Now, you might think the $300 billion of frozen LBO commitments rotting a hole in the erstwhile large pockets of America’s investment banks might have given pause to investors eagerly bidding up stock prices in the wake of the Fed’s surprisingly large rate cut one month ago.

You might also think those buyers chasing stocks at all-time highs would have felt a slight tinge of buyer’s remorse due to the fact that the nation’s largest single engine of growth—the housing market—has frozen and left millions of plain old Americans as hard up for liquidity as the leveraged buyout stars of Henry Kravitz’s self-proclaimed “Golden Era” of Private Equity.

And, of course, you might have thought the frantic efforts of Citibank to find a clever way to liquify the $80 billion in Structure Investment Vehicles rotting a hole in its off-balance sheet balance sheet would have given eager stock-buyers pause prior to Friday.

But in all three cases you’d be wrong.

Those buyers chasing stocks at their very all-time highs were not dissuaded by the recent, discouraging past or even the ugly present.
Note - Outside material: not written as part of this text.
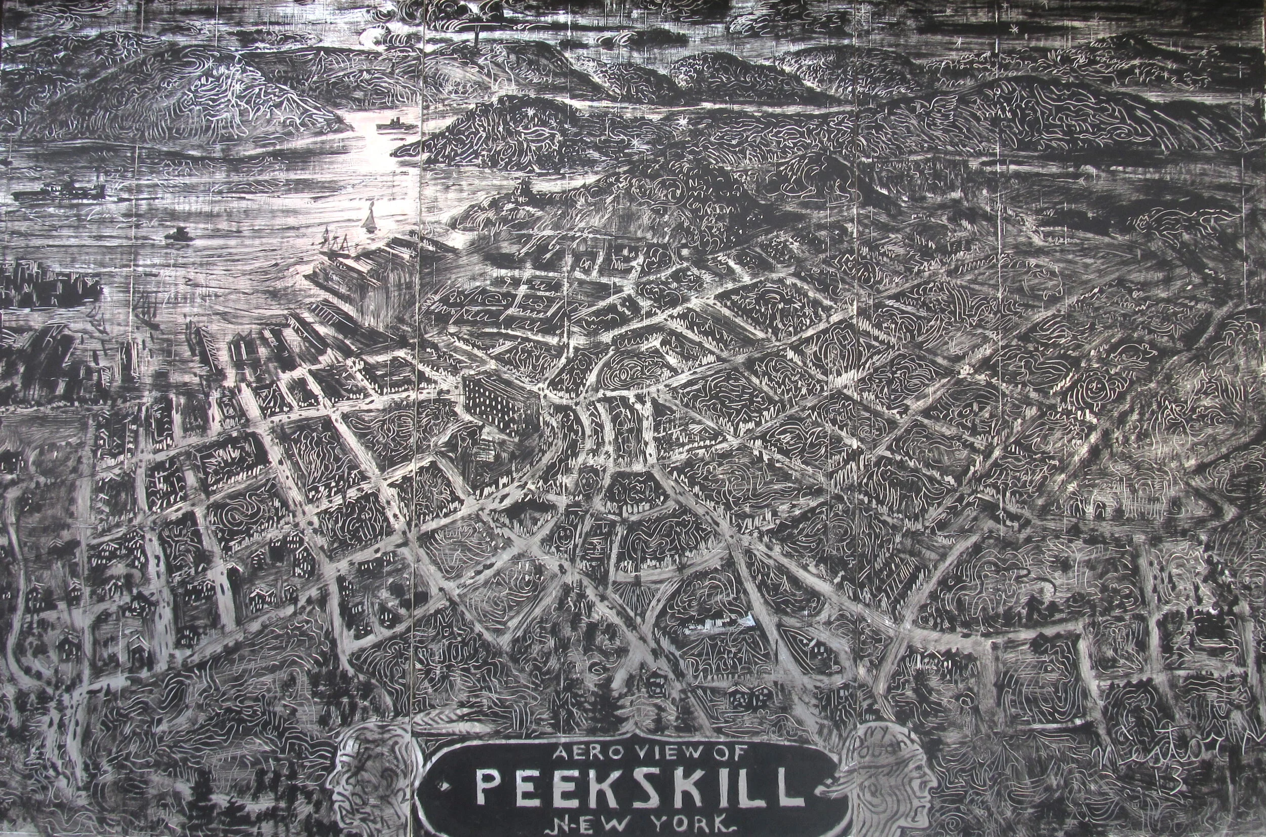 This mural depicts a panoramic view of the city of Peekskill based on a print published in the early 1900s. The result is an image similar to an old daguerreotype. Madalengoitia is currently immersed in a new series of drawings using the technique of etching designs onto a scratchboard surface. For this mural, he employed the same technique. First he applied black acrylic to the silver side of insulation board, then he ‘draws’ designs by using plastic utensils such as knifes, spoons, and credit cards to remove the black paint which forms the image.

They were, it seems, looking to the future, as they have learned to do thanks to the lessons learned from years of absorbing the Greenspan Method of Driving the Federal Reserve Bus, which Mr. Bernanke apparently studied quite assiduously.

The Greenspan Method of Driving, as near as I can tell, involved putting the pedal to the metal whenever the risk of a slowdown was somewhere on the general horizon...which, in the case of Greenspan, seemed to have been painted onto his eyeglasses by some clever Fed staffer, so long did he leave his foot on the gas after the economy had gone into overdrive.
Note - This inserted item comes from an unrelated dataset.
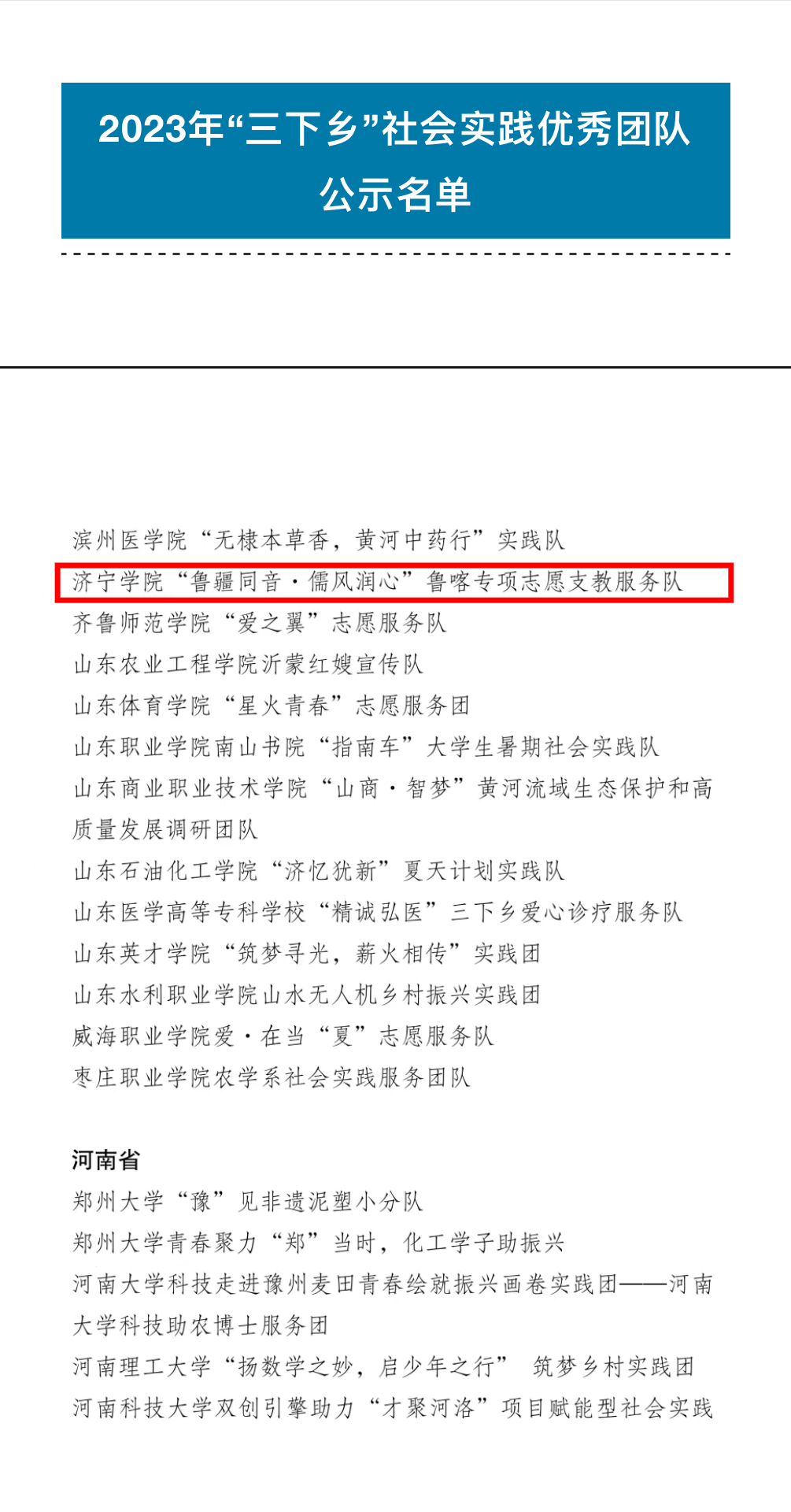 近日,共青团中央对2023年全国大中专学生志愿者暑期文化科技卫生“三下乡”社会实践活动进行总结表彰,我校人文与传播学院“鲁疆同音·儒风润心”鲁喀专项志愿支教服务队获评“三下乡”社会实践“优秀团队”。

But Caterpillar was not the first company to warn that “What Happens in Sub-Prime Is No Longer Staying in Sub-Prime.” (See “What Happens in Sub-prime…Gets to Spain Really Quickly,” from August 6, 2007.)

Earlier in the week, Illinois ToolWorks—which makes everything from arc welders to simple hose clamps—reported seeing “a noticeable slowing in North America” in September.
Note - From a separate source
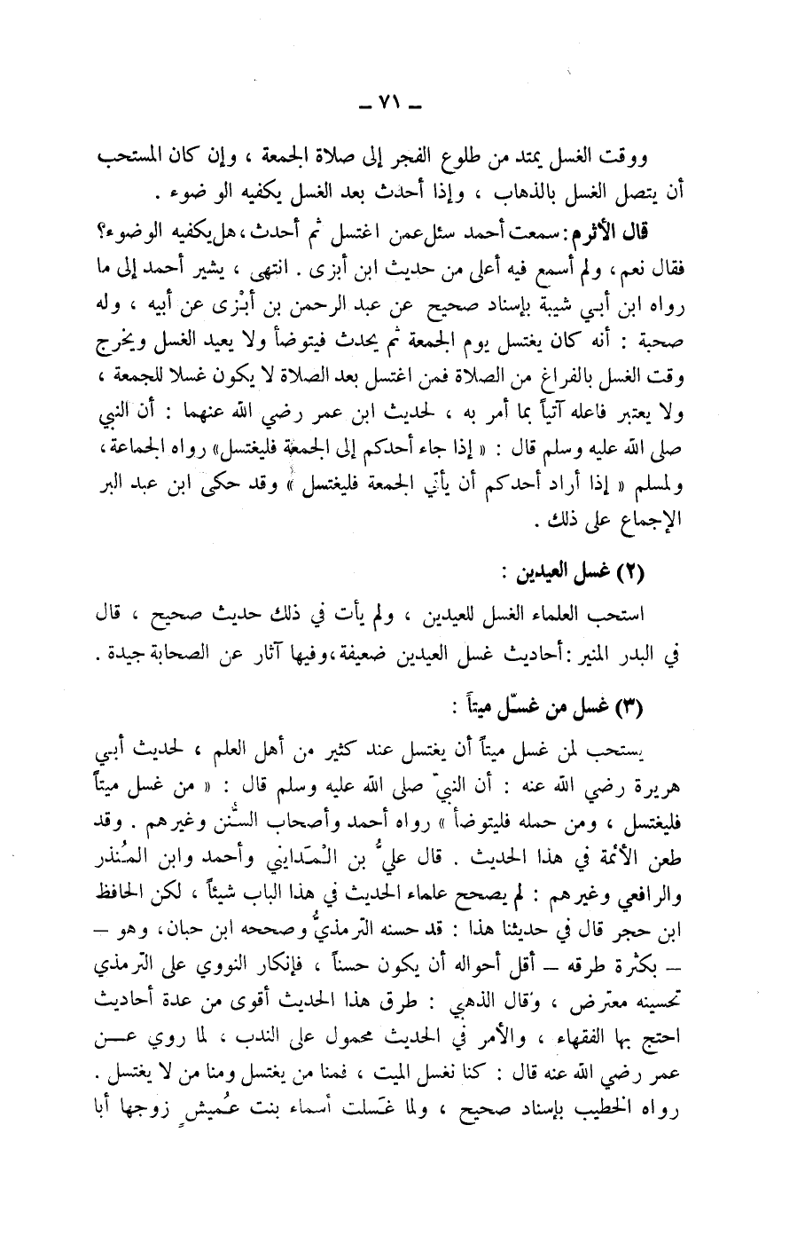 قال علي بن المدايني وأحمد وابن المنذر والرافعي وغيرهم: لم يصحح علماء الحديث في هذا الباب شيئا، لكن الحافظ ابن حجر قال في حديثنا هذا: قد حسنه الترمذي وصححه ابن حبان، وهو - بكثرة طرقه - أقل أحواله أن يكون حسنا، فإنكار النووي على الترمذي تحسينه معترض، وقال الذهبي: طرق هذا الحديث أقوى من عدة أحاديث احتج بها الفقهاء، والامر في الحديث محمول على الندب، لما روي عن عمر رضي الله عنه قال: كنا نغسل الميت، فمنا من يغتسل ومنا من لا يغتسل.

That came on top of a previously reported “slowing” in the general industrial market which ITW discussed three months ago on its second quarter earnings call.

Did I mention that was three months ago?

Another fairly important data point—not that anybody was paying attention until Friday—came Wednesday when Manpower, which happens to be the world’s largest employment agency, likewise commented on the U.S. slowdown:

We continue to see positive revenue trends in most places, though in some places like the U.S. we are seeing softness….

If you look closely at the quarter we didn't see any dramatic deterioration during the quarter. We also really didn't get a lot of encouragement. I guess I could put that as good news, because we are not seeing it really slide any more. We had a first few weeks that we started out in the quarter were slow as we anticipated, but we didn't see that typical seasonal pick-up that we would be getting in September and October. Our clients aren't desperate, but there is a high level of cautiousness…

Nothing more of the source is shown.